You know, I hate the word "blouse." I always have. As a person of the female gender I am supposed to refer to certain of my torso-covering garments as "blouses" but since I hate that word I never do. I have t-shirts and shirts but I don't have "blouses." (I don't care much for the word "top" either. It sounds like an adjective looking for a noun.) Anyway, chalk this up to Reason No. 4571 why I would never have made it in the military .
(Via Meryl Yourish.)
Posted by Andrea Harris at July 7, 2003 12:31 AMI have always been under the impression that somehow a "blouse" was differentiated by a shirt because it's somehow poofier and looser and cut slightly differently.
I have also read about men wearing blouses in other cultures. Which, once again, never left me quite certain as to what the difference was, except I assumed it must be looser and poofier or something.
So, you know, women wear shirts or blouses, depending on what they feel like wearing. A shirt's a shirt and a blouse is a blouse.
Am I just all wrong here?
Posted by: Dean Esmay at July 7, 2003 at 06:00 AMTo further your confusion, there are TWO military useages of the word "blouse";
1) The "coat" of the Class A uniform [the one with the shiny buttons]
2) The act of stuffing your trousers into your boot-tops. This is normally done to the Battle dress Uniform [BDU], unless you are a paratrooper, in which case you can blouse the trousers of your class A green uniform [which when worn without its blouse, becomes the Class B uniform]
After 27 years it seems so simple . . .
Posted by: OldFan at July 7, 2003 at 07:16 AMI have always thought of blouses as being more dressy - silky, lacy, ruffley, etc. And real men don't wear blouses. What the heck is the matter with the military anyway. I know they have a language all their own but "blouse"? SHEESH!
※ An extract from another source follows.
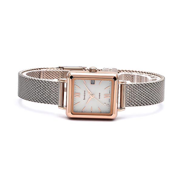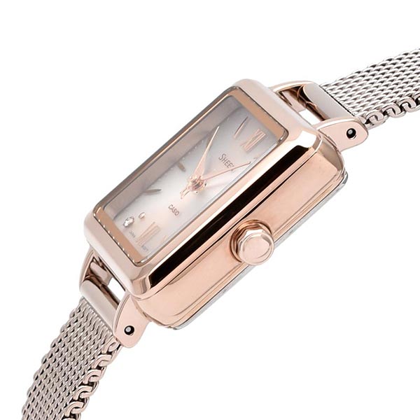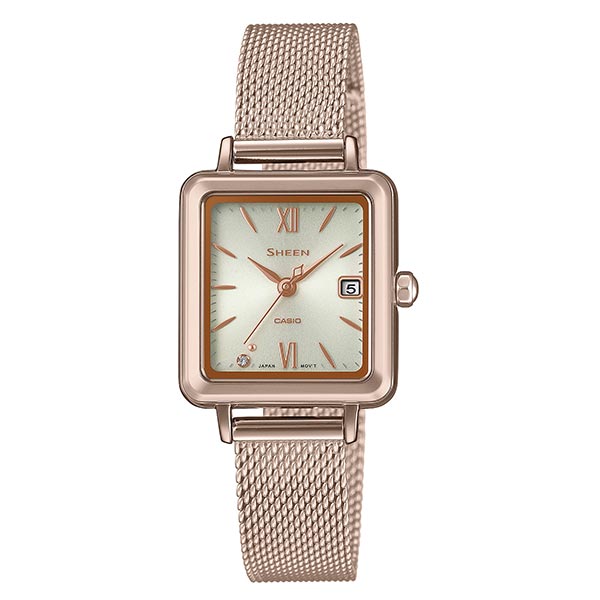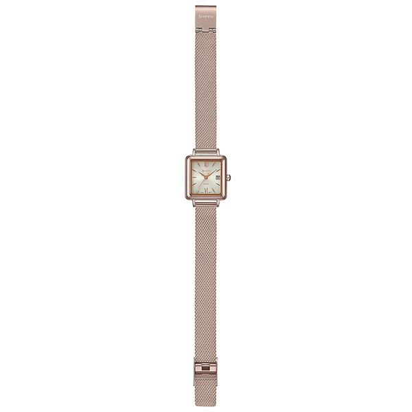 SHEENから、シンプルで着用しやすいNewモデルが登場します。視認性とデザイン性を兼ね備えたスクエアフェイスはデイリーユースに活躍します。文字板には幸運を意味する「7」時位置にクリスタルを施し、シンプルなフェイスに上品な煌めきを添えています。ソーラー充電システムや日付表示等の便利な機能を搭載しており、実用性も兼備。また、傷付きにくく、透明度の高い無反射コーティングサファイアガラスを採用しています。オン・オフ問わず様 々なシチュエーションで着用できるモデルです。

Posted by: Lynn S at July 7, 2003 at 09:59 AMIf you read 19th Century writings, they use the word for men and women's clothing. The usage for womens' clothing only seems to have started in the 20th Century.
Posted by: Dark Avenger at July 7, 2003 at 12:43 PMAnd 'blouse' is Aus/NZ slang for either a) a woman, b) an effeminate man or c) a gay man. As in the question "What are ya - a shirt or a blouse?"
Posted by: Steven Chapman at July 7, 2003 at 06:39 PMAs someone who considers spice to be the obvious plural of spouse (based only on very limited experience), I also tend to use blice as the plural of blouse.
Posted by: triticale at July 8, 2003 at 03:52 PMDon't women's blouses have the buttons on the opposite side of men's shirts?
Posted by: Val at July 8, 2003 at 06:56 PMVal: all men's and women's clothes with buttons have them on opposite sides.